Ground-loop heat exchanger. The ground loop is the heat exchange surface for your heat pump. A home will typically need several hundred to thousand feet of piping in the ground loop to provide enough heat in the coldest part of the year. Ground loops are divided into “closed” and “open” loops:
loop systems use a continuous loop of buried piping, typically made out of high density polyethylene. A closed-loop system will circulate a mixture of water and antifreeze that is not directly exposed to the environment. In New England, most closed-loop systems are installed in vertical configurations, in which the ground loop is run through multiple boreholes that are drilled several hundred feet deep (see below).
Some closed-loop systems are installed in horizontal configurations, in which the ground loop is run through multiple trenches approximately 5 ft. deep and around 300-400 feet long (see below).
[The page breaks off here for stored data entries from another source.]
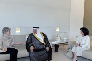 وكان صاحب السمو الملكي رئيس الوزراء قد استقبل بقصر الرفاع، أمس الخميس (18 مايو/ أيار 2017)، المديرة العامة لمنظمة الأمم المتحدة للتربية والثقافة والعلوم (اليونسكو) إيرينا بوكوفا، بمناسبة زيارتها إلى المملكة، حيث رحب سموه بالزيارة وما تجسده من شراكة قائمة بين مملكة البحرين ومنظمة «اليونسكو»، ولاسيما في مجالات التعليم والحفاظ على التراث الحضاري والإنساني.
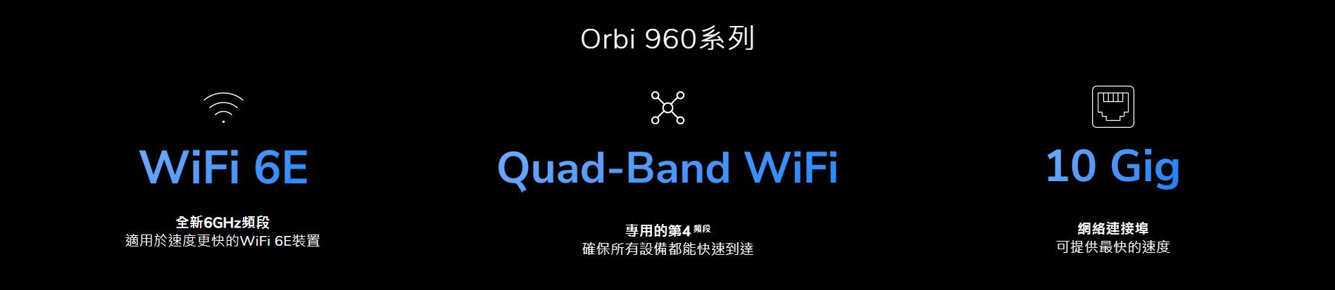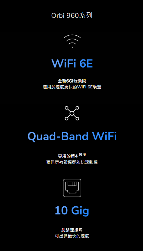 - 新增 獨家四頻段技術和專用回程WiFi可確保多達200個連接設備的最高速度
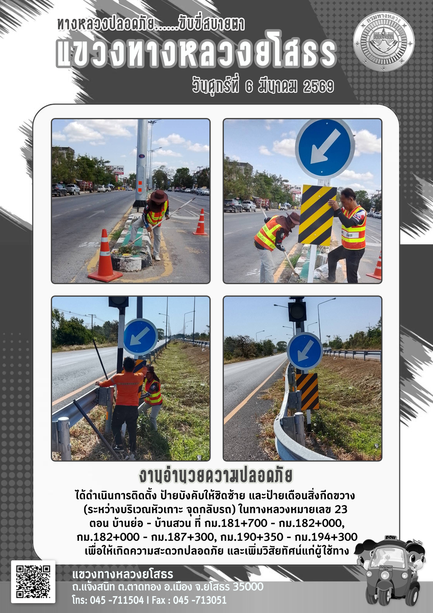 วันศุกร์ที่ 6 มีนาคม 2569 งานอำนวยความปลอดภัย ได้ดำเนินการติดตั้งป้ายบังคับให้ซิดซ้าย และป้ายเตือนสิ่งกีดขวาง (ระหว่างบริเวณหัวเกาะ จุดกลับรถ) เพื่อให้เกิดความสะดวกปลอดภัย และเพิ่มวิสัยทัศน์แก่ผู้ใช้ทาง
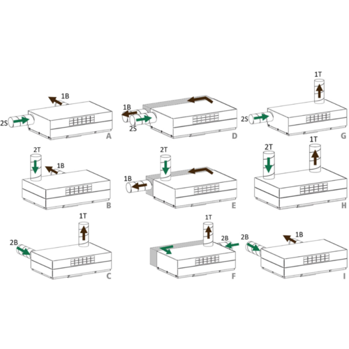 - filtre ePM10 60% (M5) pour l’air extrait et ePM1 55% (F7) pour l’air neuf (en option : F9, F7, M5, préfiltre ISO Grossier 85% (G4)),
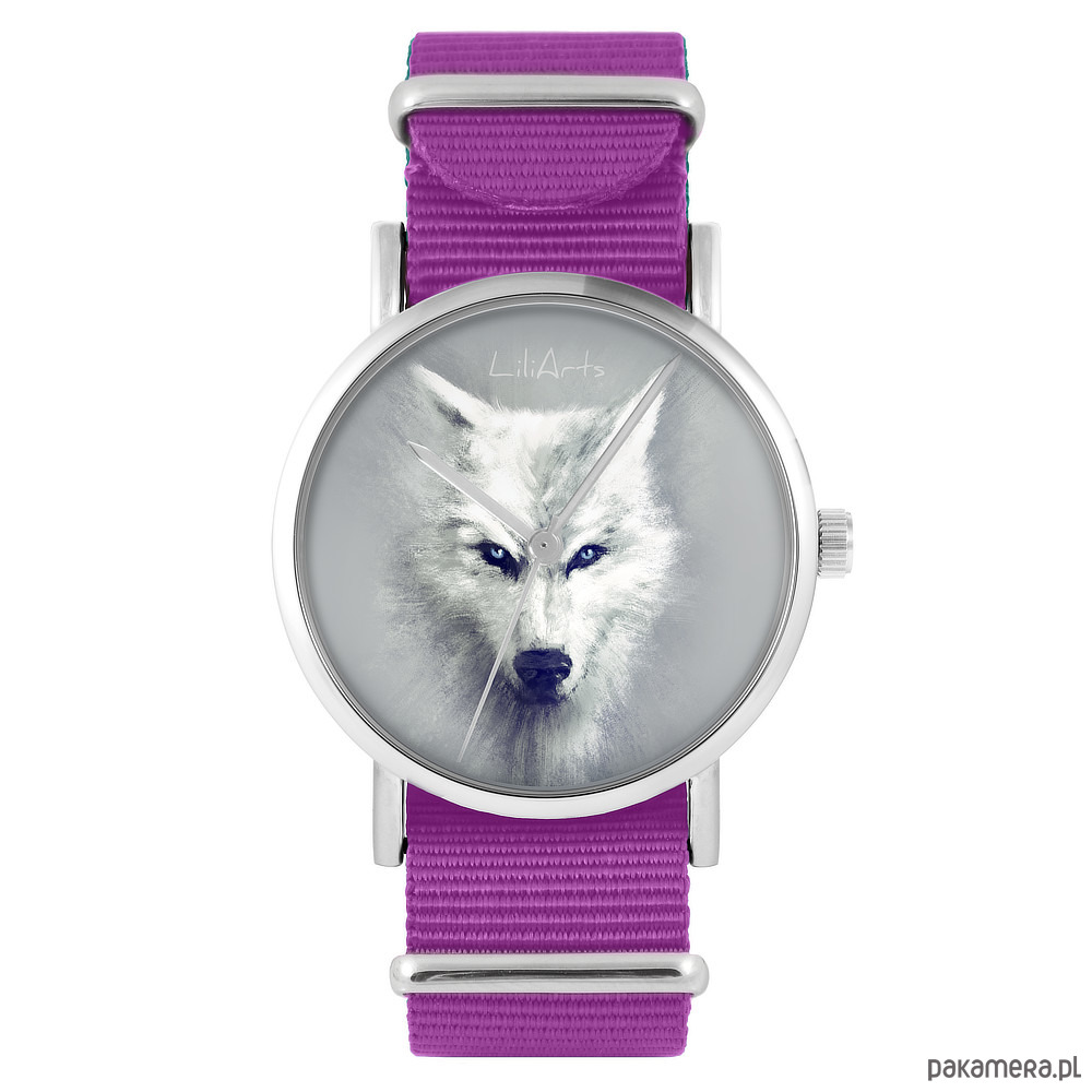 Zegarek - Biały wilk - amarant, nylonowy
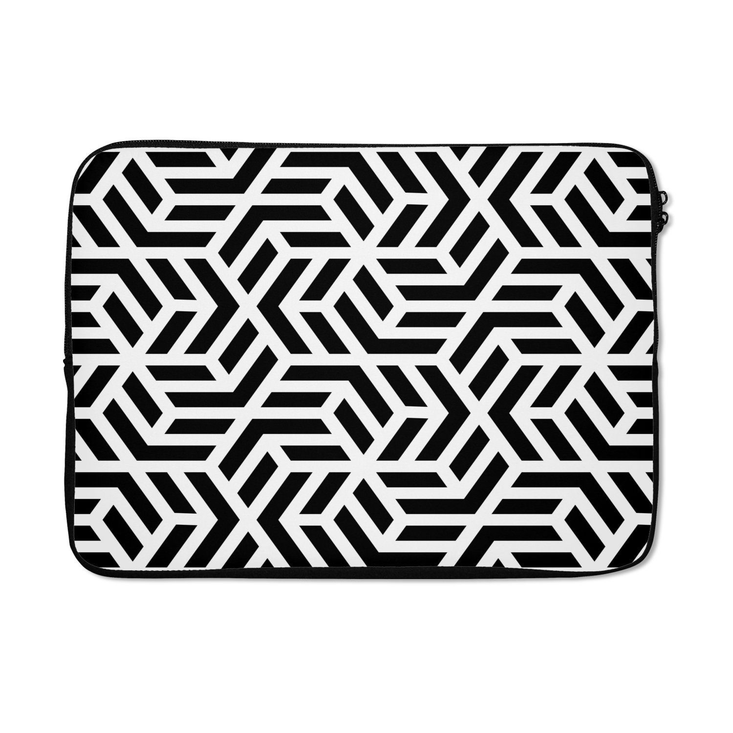 Suchen Sie eine schöne Laptoptasche? Dann ist dies genau das Richtige für Sie! Diese Laptoptasche ist mit einem geometrischen Muster versehen. Dank ihrer schwarz-weißen Farbe passt diese Schutzhülle zu jedem Laptop.
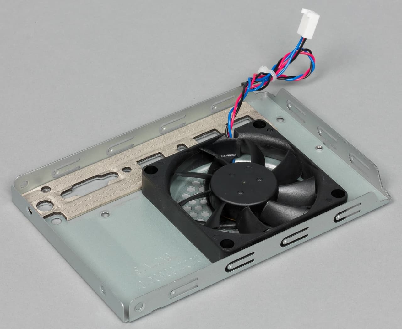 За охлаждение системы (и дисков, и процессора) отвечает вентилятор Delta AFB0712HC формата 70×70×13 мм с трехпроводным подключением и автоматическим выбором скорости вращения. Заменить его достаточно сложно из-за относительно редкого формата.
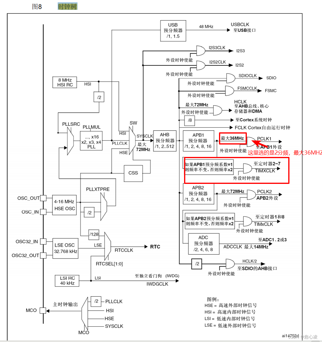 总线分频是2分频,因此AP1总线时钟是36MHZ。
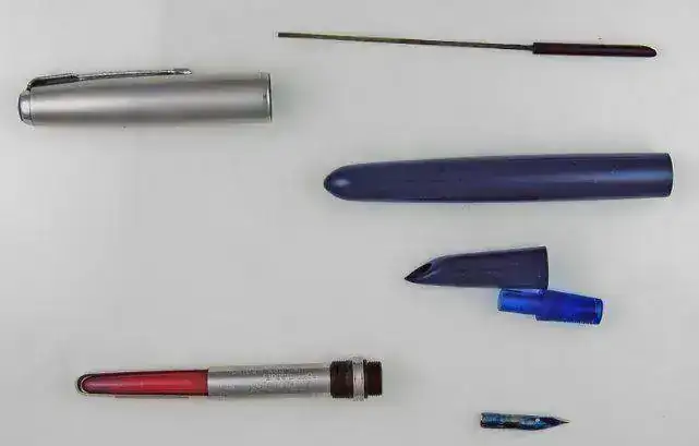 Tengo una Parker 51 aeromética tamaño standar, me gustaría saber si alguien sabe de algún sitio donde pueda comprar un alimentador junto con el tubito que llevan las parker 51, adjunto una foto, sería la pieza de la parte superior derecha. Sólo he encontrado el tubito suelto en ebay pero nada de las dos partes juntas
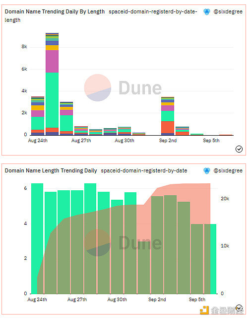 域名注册数据方面,我们发现 SPACE ID 域名注册呈现字段长度缩短的明显趋势。
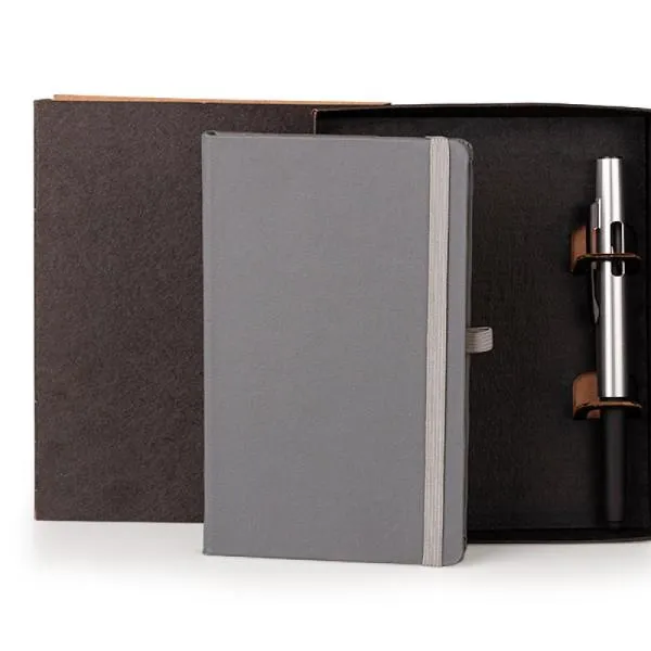 CADERNETA PARA ANOTAÇÕES COM CANETA – CINZA

2. Open-loop systems can be used where there is a source of groundwater available on the property from a well. Instead of circulating an antifreeze mixture, an open-loop system pumps groundwater into the indoor unit for heat extraction before returning the water to the ground. Open-loop systems are typically cheaper to install and more efficient (due to the more consistent year-round temperature of groundwater), though they require a readily-available source of clean groundwater and may require additional permitting or environmental review.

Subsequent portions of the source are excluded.